(Extracted material):
-- Opening Marker --

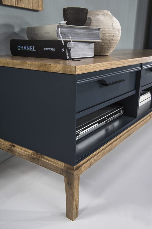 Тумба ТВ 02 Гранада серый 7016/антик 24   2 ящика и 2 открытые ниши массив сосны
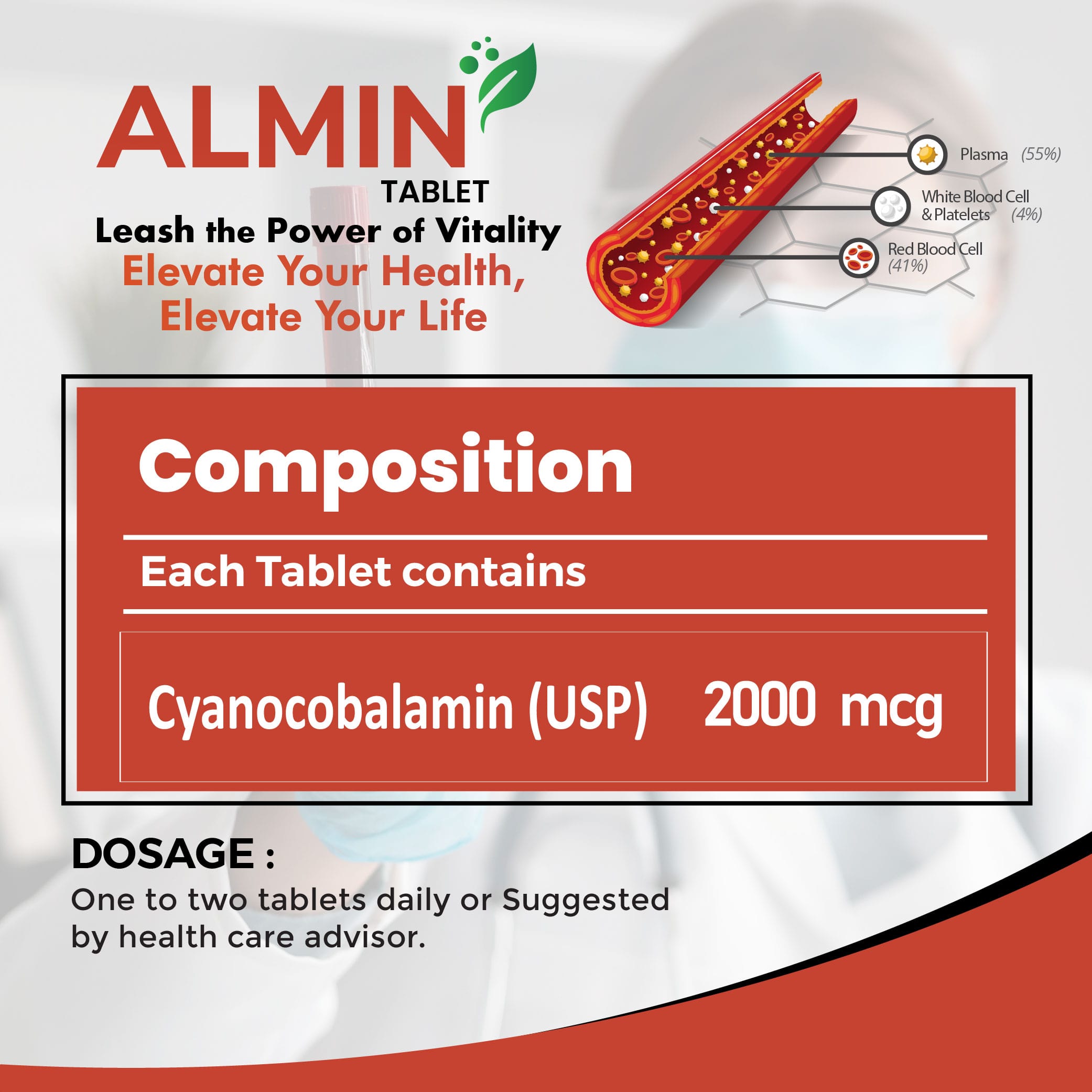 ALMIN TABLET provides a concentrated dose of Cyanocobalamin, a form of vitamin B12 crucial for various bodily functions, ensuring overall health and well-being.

-- Closing Marker --
-- Opening Marker --

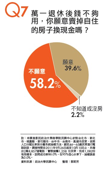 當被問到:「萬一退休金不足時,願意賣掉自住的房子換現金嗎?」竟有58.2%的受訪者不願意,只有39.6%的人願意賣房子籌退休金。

-- Closing Marker --
-- Opening Marker --

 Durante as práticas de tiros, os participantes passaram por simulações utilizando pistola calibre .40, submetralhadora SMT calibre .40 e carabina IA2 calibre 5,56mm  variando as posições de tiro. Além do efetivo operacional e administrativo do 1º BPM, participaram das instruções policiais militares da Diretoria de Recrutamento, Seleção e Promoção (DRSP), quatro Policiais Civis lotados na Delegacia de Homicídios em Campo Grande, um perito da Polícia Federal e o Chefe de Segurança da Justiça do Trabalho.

-- Closing Marker --

(How to complete this task): In the listing above, find the line containing "Тумба ТВ 02" and the line containing "ALMIN TABLET provides". Reproduce those lines and all between them exactly, with no pictures and nothing more.

(Written answer):
 Тумба ТВ 02 Гранада серый 7016/антик 24   2 ящика и 2 открытые ниши массив сосны
 ALMIN TABLET provides a concentrated dose of Cyanocobalamin, a form of vitamin B12 crucial for various bodily functions, ensuring overall health and well-being.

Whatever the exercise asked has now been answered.